The system is already badly misaligned. Even ambitious students may consider it a better use of their time to use tools like LLMs to grind out more standardised points than use them to gain deeper understanding of a subject they may not consider important. Any STEM student targeting finance is basically uninterested in most of the subject matter, for example. This also far predates AI.
The suckers who actually want to learn will get even more badly screwed in such a system unless the assessment is balanced to favour actual knowledge. And not only at final assessment but from start to end because if you get screwed in the short term because your low marks while you get to grips with the subject gets you penalised, it takes a lot of foresight and fortitude not to buckle and just spam for points. Doing it "right" requires more teacher engagement, more parental engagement and generally more autonomy, effort and money all round. And even then you have the ever present problem of which group do you spend each marginal unit if effort on: the stronger or weaker students?

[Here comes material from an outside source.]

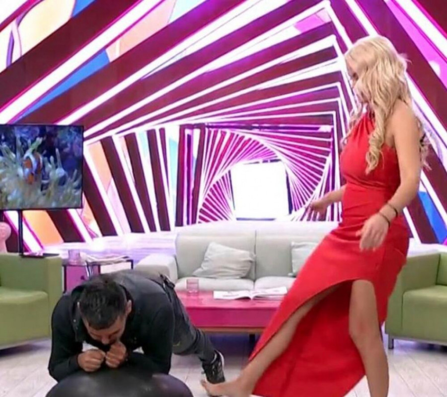 Sada je, obučena u dugu, crvenu haljinu i visoke potpetice, završila na patosu. Gost u studiju je bio trener koji je želeo da testira i Sanju i njene kolege.

> The system is already badly misaligned. Even ambitious students may consider it a better use of their time to use tools like LLMs to grind out more standardised points than use them to gain deeper understanding of a subject they may not consider important. Any STEM student targeting finance is basically uninterested in most of the subject matter, for example. This also far predates AI.
That's not a misalignment. That's your "ambitious student" is being unwise and stupid. To this day, I have gaps in my knowledge and skills that I regret because I avoided things that I, in my childishness, did not consider "important" or "interesting." AI is going to make that far worse.
Maybe, but you can also get into some very lucrative careers by grinding points, cheating, colluding and generally gaming the system. I know of lots of people who got top-class STEM degrees and yet had barely any actual skills in the subject beyond what they needed to pass exams. They don't give a fuck they didn't really understand thermocouples or river formation or whatever. They answered the formulaic exam questions by rote and checked every marking criteria of the list for their coursework.
If AI makes their kids miscalculate and end up failing in a revamped AI-resistant educational system that actually requires learning to pass, I'll laugh.
> you can also get into some very lucrative careers by grinding points, cheating, colluding and generally gaming the system
Or, more likely, you're going to fail because you can't do the things you need to do to be successful in said careers. Or, at least, you're going to struggle because you're not very good at it.
I've met plenty of bad engineers, and let me tell you, their job seems a lot more stressful than mine. I'll pass.
Unwise and stupid people sometimes "get into some very lucrative careers?" Film at 11. "The problem currently exists in a less severe level" is not any justification for making that problem worse.
The suckers who actually want to learn will get even more badly screwed in such a system unless the assessment is balanced to favour actual knowledge. And not only at final assessment but from start to end because if you get screwed in the short term because your low marks while you get to grips with the subject gets you penalised, it takes a lot of foresight and fortitude not to buckle and just spam for points. Doing it "right" requires more teacher engagement, more parental engagement and generally more autonomy, effort and money all round. And even then you have the ever present problem of which group do you spend each marginal unit if effort on: the stronger or weaker students?